Uploads re-annotated cell types to gemma.msl.ubc.ca
Summarizes QC metrics per-sample in a custome MutliQC report.
Saves runtime parameters and outputs in a specified directory.

Requirements

Nextflow (=24.10.0)
Conda (for environment management)
My own conda environments are currently hard-coded into the pipeline (I will set up singularity environments in the future)

Installation

Stable release is installed in:

/space/grp/Pipelines/sc-annotation-pipeline

Usage

To run re-annotation with from a list of study names with default parameters:

nextflow run sc-annotate.nf -profile conda -params-file params.mm.json --study_names <study_names_file.txt>

To run with pre-downloaded MEX files, provide a path to a parent directory with all MEX files.
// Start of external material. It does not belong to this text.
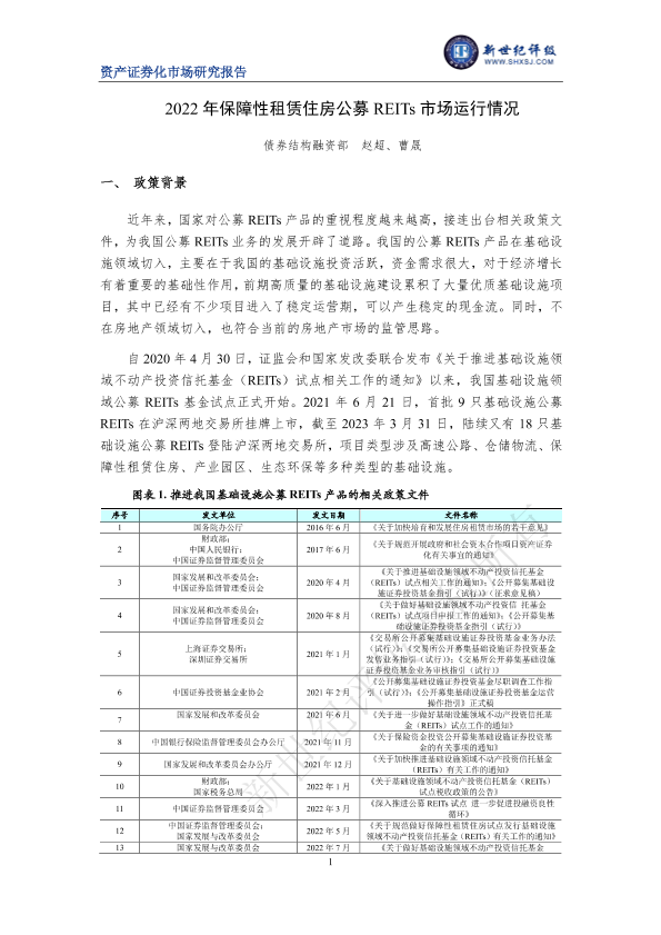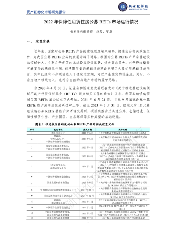 REITs REITS 保障性租赁住房 市场运行 政策分析

If you only have one study, make sure to place it in a parent directory, or each sample will be trated as a separate Gemma experiment:

nextflow run sc-annotate.nf -profile conda -params-file params.mm.json --studies_path <path_to_gemma_experiments>

The params.json file can be passed instead of all command-line parameters. Inside params.json, you should declare the ref_collections parameter, as it is difficult to pass on the command line (see Input section for details). Examples of the params file can be found in params.hs.json and params.mm.json.

Working directories and caching

Task hashes are stored by default in .nextflow/cache. Intermediate files for each pipeline run stored by default in the work directory. Both of these are necessary to resume your pipeline run with -resume. You can read more about caching and resuming with Nextflow here. work-dir is an optional parameter to keep the working directory for your pipeline runs separate. It's a good idea to delete your working directory when you're finished.

Parameters

Parameters are configured in order of priority:

Command line arguments
params.json
nextflow.config

So, 1 will override 2 and 2 will override 3.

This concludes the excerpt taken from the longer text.